We consider a reconstruction of a surface from noisy measurements. This is a common industrial problem given the high availability of data coming from non-contact measurement sensors, which provide 3D points cloud data. In geostatistics, Kriging and Gaussian Processes (GP) have been used for modeling spatially distributed data of some scalar field under the assumption that a response factor z is a function of two parameters (x and y). Our goal is to describe the (x, y, z) data occurring on a non-euclidean surface to reconstruct the real 3D surface. We present a method, called Geodesic Gaussian Process (GGP), based on a two-step procedure. Firstly, a proper parameterization of the surface data is found with the aim of representing distances on the surface on a Euclidean space. In particular, a mesh parameterization algorithm (As Rigid As Possible) is applied to find the new parameter space (u and v). Then, three spatial Gaussian Processes are fit to model each of the three Cartesian coordinates as a function of the two newly defined surface parameters (u and v). Advantages of the proposed method are shown with reference to a real test case, dealing with the reconstruction of micro-pin surfaces.

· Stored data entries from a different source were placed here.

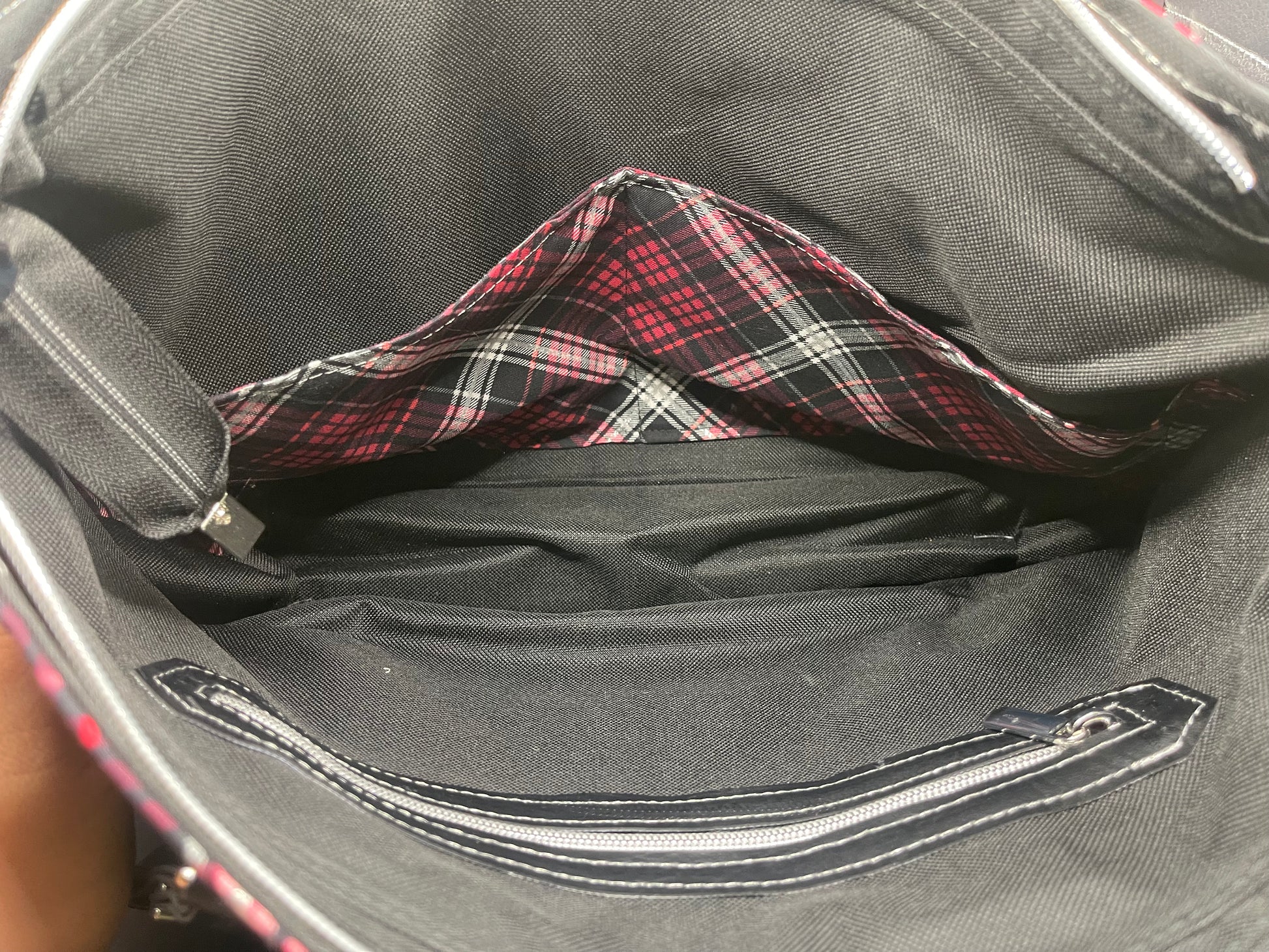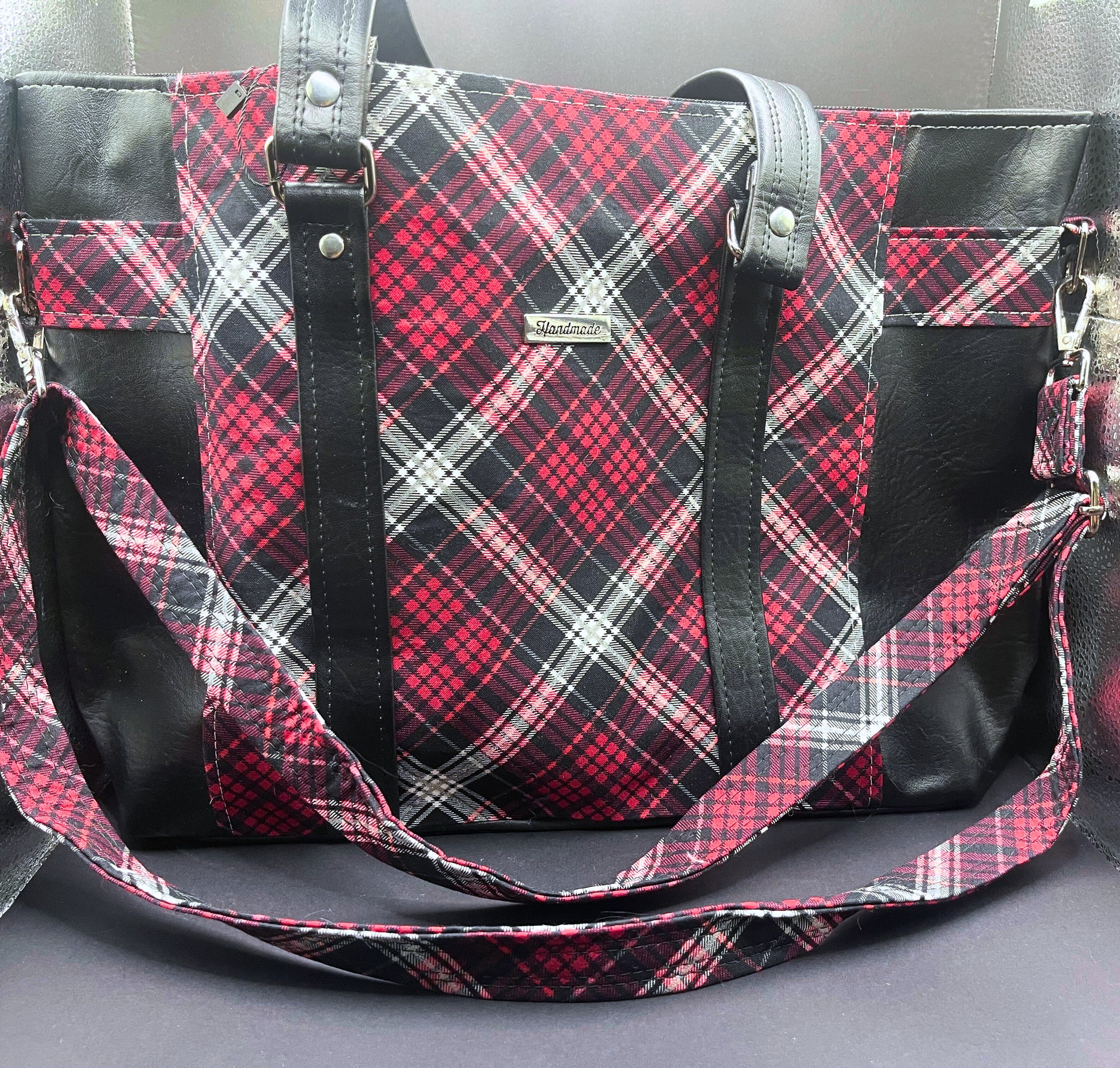 Sleigh Bells Ring features a red/black/white/ silver plaid cotton and black vinyl exterior, a black waterproof canvas interior, and silver hardware. Sleigh Bells Ring also features a beautiful silver metallic topstitching, giving a little pop of sparkle!
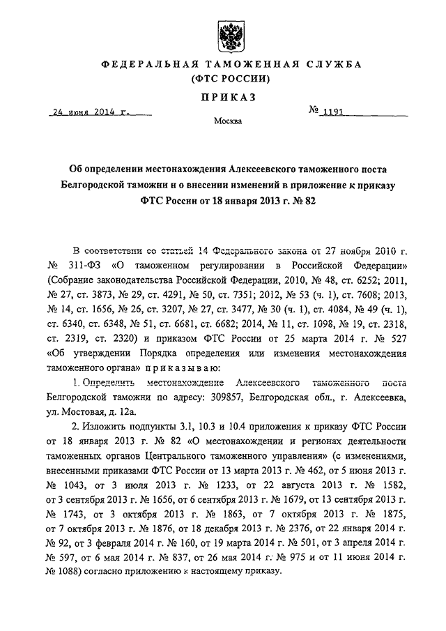 "ОБ ОПРЕДЕЛЕНИИ МЕСТОНАХОЖДЕНИЯ АЛЕКСЕЕВСКОГО ТАМОЖЕННОГО ПОСТА БЕЛГОРОДСКОЙ ТАМОЖНИ И О ВНЕСЕНИИ ИЗМЕНЕНИЙ В ПРИЛОЖЕНИЕ К ПРИКАЗУ ФТС РОССИИ ОТ 18 ЯНВАРЯ 2013 Г. N 82"
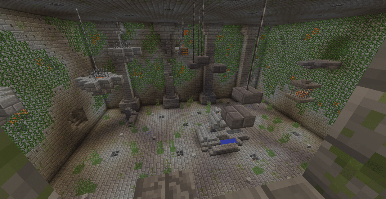 Avant de combattre le monstre, il existe un court parcours d’obstacles pour tester vos capacités, car si vous n’êtes pas assez bon vous n’aurez aucune chance de tuer le boss. Cette partie est composé de trois points de contrôle. Si vous mourez, appuyez sur le bouton sur le bloc d’émeraude, qui vous ramènera à votre dernier point de contrôle terminé. Si vous avez terminé les trois points de contrôles, ce bouton vous amène directement au combat du boss.
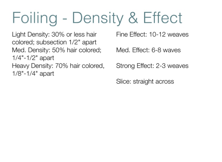 Light Density: 30% or less hair colored; subsection 1/2" apart
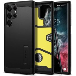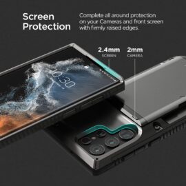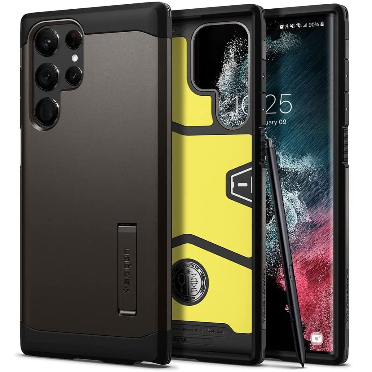 An even more resilient Spigen case for the Galaxy S22 Ultra is the Tough Armor. It's made of TPU and PC, and it uses special foam to add an extra layer of shock resistance. It's MIL-STD-810G-certified and has a kickstand. Spigen is offering it in two color options: black and gunmetal.
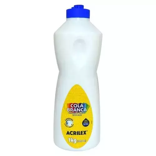 A Cola Branca Acrilex 1 kg possui bico exclusivo que facilita o uso.
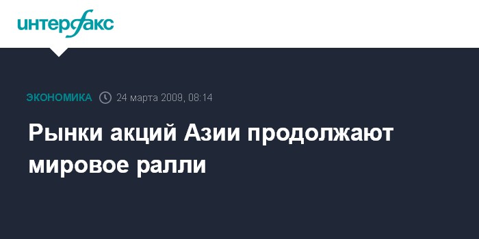 Токио. 24 марта. INTERFAX.RU - Рынки акций Азиатско-Тихоокеанского региона продолжают расти во вторник в рамках мирового ралли, которое привело к взлету индекса MSCI World до максимума за 5 недель, на ожиданиях, что план министерства финансов США по покупке неликвидных банковских активов поможет восстановить кредитование, сообщает агентство Bloomberg.
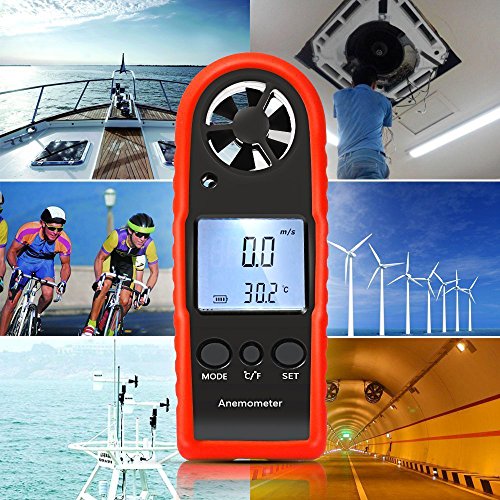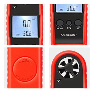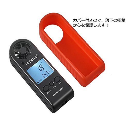 デジタル 風速計 Proster x温度計搭載モデル 風速計測 超簡単 手軽 小型 日本語説明書付き (レッド)

### Geodesic Gaussian Process for the Reconstruction of Micro-Pins Surfaces

#### Abstract

We consider a reconstruction of a surface from noisy measurements. This is a common industrial problem given the high availability of data coming from non-contact measurement sensors, which provide 3D points cloud data. In geostatistics, Kriging and Gaussian Processes (GP) have been used for modeling spatially distributed data of some scalar field under the assumption that a response factor z is a function of two parameters (x and y). Our goal is to describe the (x, y, z) data occurring on a non-euclidean surface to reconstruct the real 3D surface. We present a method, called Geodesic Gaussian Process (GGP), based on a two-step procedure. Firstly, a proper parameterization of the surface data is found with the aim of representing distances on the surface on a Euclidean space. In particular, a mesh parameterization algorithm (As Rigid As Possible) is applied to find the new parameter space (u and v). Then, three spatial Gaussian Processes are fit to model each of the three Cartesian coordinates as a function of the two newly defined surface parameters (u and v). Advantages of the proposed method are shown with reference to a real test case, dealing with the reconstruction of micro-pin surfaces.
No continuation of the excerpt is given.